Zahlen von häuslicher Gewalt in der LHH im Jahre 2007

Im Jahre 2007 wurden nach Angaben der Polizei in der LHH und der Region Hannover insgesamt 3.079 Strafanzeigen im Kontext zu häuslicher Gewalt registriert. Das sind im Verhältnis zu 2006 165 Fälle (+ 5,7 %) mehr. Die Anzahl der sonstigen Ereignisse (häusliche Gewalt, ohne dass es explizit zu Straftaten gekommen ist bzw. diese nicht nachweisbar waren) hat sich von 636 Fällen 2006 auf 563 verringert. Von den insgesamt 3.079 Straftaten entfallen 1.877 Straftaten auf die LHH.
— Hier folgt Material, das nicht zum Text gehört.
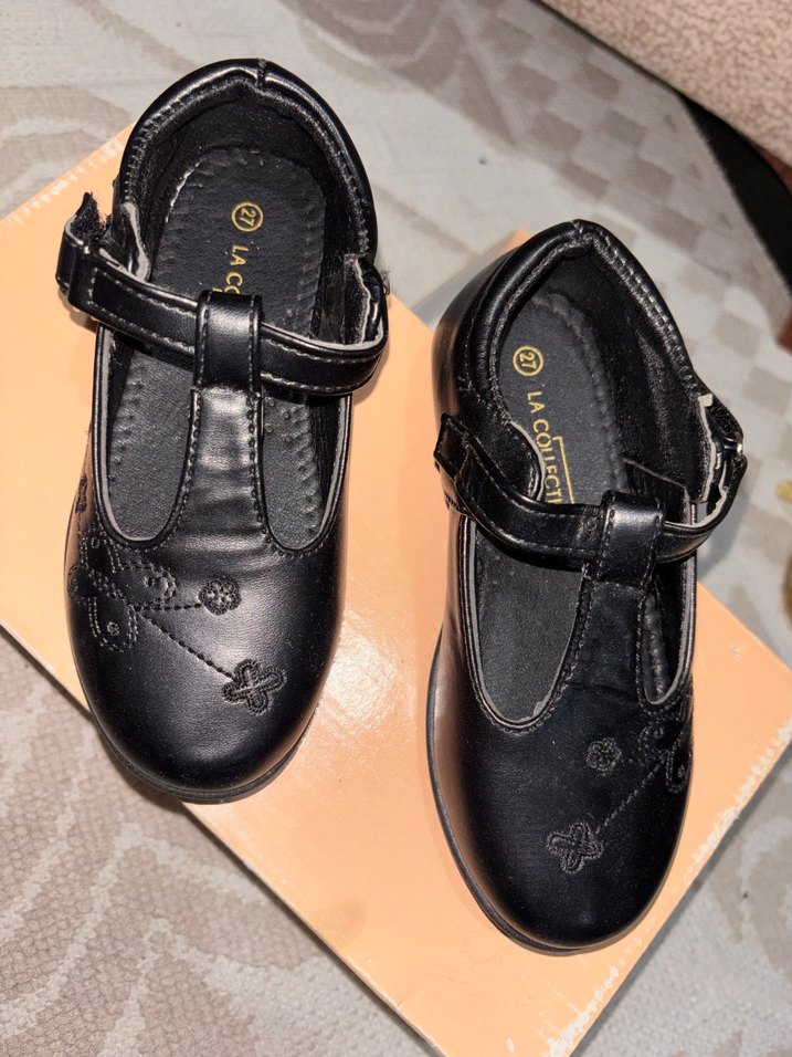 Siyah, nakışlı detaylara sahip tokalı kız babet ayakkabısı. Kauçuk malzemeden yapılmış, hafif gotik tarzda. 'LAC' işaretli.

Die Beratungs- und Interventionsstelle der LHH registrierte 2007 insgesamt 1.731 Meldungen der Polizei über häusliche Gewalt. In 1.259 Fällen lebten Kinder und Jugendliche mit im Haushalt der Eltern. Es gab davon 230 Direkt-meldungen der Polizei an den Kommunalen Sozialdienst des Fachbereiches Jugend und Familie der LHH, bei denen ein Handlungsbedarf gesehen wurde.

Grundsatz der Arbeit aller beteiligten Institutionen ist es, durch HAIP unmissverständlich deutlich zu machen, dass Schutz und Sicherheit in der LHH einen hohen Stellenwert genießen und häusliche Gewalt nicht als „Privatsache“ abgetan wird.

In diesem Sinne soll HAIP kontinuierlich weiter entwickelt werden und einen Anstoß auch für andere Städte und Kommunen geben, ähnliche Projekte zu entwickeln.